IngénieuxLes pièges à sucre ont bouleversé la vie sexuelle des cafards
Certains de ces insectes sont devenus intolérants au glucose afin de ne plus être exterminés. Mais cette substance sert aussi au mâle à attirer la femelle, qui a dû trouver une parade.
En essayant d’appâter les cafards avec des compositions sucrées, les fabricants de pièges ne pouvaient supposer les conséquences que cela entraînerait sur les stratégies de reproduction de la bestiole. Il y a 30 ans déjà, une étude dans la revue «Science» annonçait l’apparition d’une lignée de blatte germanique ayant développé une aversion au glucose. De petite taille, Blattella germanica, l’espèce la plus commune de cafards, niche dans les cuisines du monde entier.
Les pièges pour l’éliminer ont longtemps fonctionné en utilisant son goût pour le glucose, qui vient enrober une substance mortelle. Une partie des insectes s’est donc adaptée en les évitant. Mais leur aversion au sucre a eu un impact, car cette substance était au départ aussi importante pour l’alimentation que pour la reproduction, note une nouvelle étude publiée dans la revue «Proceedings B» de la Royal Society britannique.
La femelle vient goûter le sucre du mâle
Le cafard mâle a une tactique bien particulière pour s’attirer les faveurs d’une femelle. Il déploie ses ailes, en secrétant avec une glande un suc nuptial à base de maltose, une forme de sucre. La femelle vient y goûter en grimpant sur son dos, ce qui donne alors le temps au mâle de connecter son appareil génital à celui de sa partenaire.
Les femelles ayant développé une aversion au sucre pour mieux éviter les pièges mortels, ont aussi écourté leurs ébats avec les mâles. Jusqu’à ce que les cafards mâles partageant cette aversion trouvent la parade, comme l’explique l’étude menée par Ayako Katsumata, chercheuse au laboratoire d’entomologie urbaine de l’Université américaine de Raleigh, pionnier dans ce domaine.

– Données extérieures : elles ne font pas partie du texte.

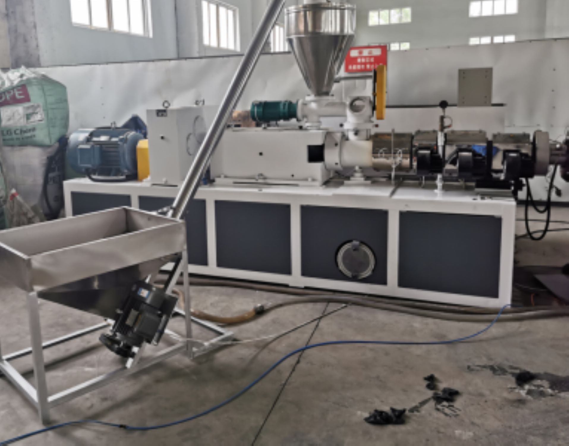 2। পিভিসি পাইপ উত্পাদন লাইনে একটি শঙ্কুযুক্ত টুইন-স্ক্রু এক্সট্রুডার, ভ্যাকুয়াম ক্যালিব্রেশন ট্যাঙ্ক, প্রিন্টার, ট্রেলার, কাটার, স্ট্যাকার ক্রেন ইত্যাদি রয়েছে।

Il passe à l’action deux fois plus vite
Le cafard mâle a développé deux techniques pour arriver à ses fins. Il a modifié la composition de sa sécrétion nuptiale, qui contient cinq fois moins de glucose que celle d’un cafard lambda, et surtout deux fois et demie plus de maltotriose. Cette sorte de sucre a un double avantage. Elle est très goûtée par les femelles, et se convertit plus lentement que le maltose en glucose sous l’effet de la salive de la femelle.
Deuxième parade, le cafard mâle passe à l’action en moyenne en 2,2 secondes, presque deux fois plus rapidement que le cafard lambda. Ne laissant pas le temps à la femelle de convertir une partie de son suc en glucose, et écourtant ainsi les préliminaires.

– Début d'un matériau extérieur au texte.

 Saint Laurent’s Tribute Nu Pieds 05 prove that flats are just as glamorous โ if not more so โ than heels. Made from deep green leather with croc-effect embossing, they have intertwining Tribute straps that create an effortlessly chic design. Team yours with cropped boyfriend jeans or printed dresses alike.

Le mâle lambda n’arrive plus à conclure
Au point que le grand perdant de l’affaire est désormais le cafard mâle lambda, qui s’évertue à produire un suc trop riche en glucose, et qui tardant à conclure, se fait renvoyer dans les cordes par la femelle quand elle s’en rend compte.
Les auteurs de l’étude soulignent qu’il est important de comprendre comment le trait d’aversion au sucre se répand dans la population de cafards, si les industriels veulent développer des stratégies de lutte efficaces contre l’insecte.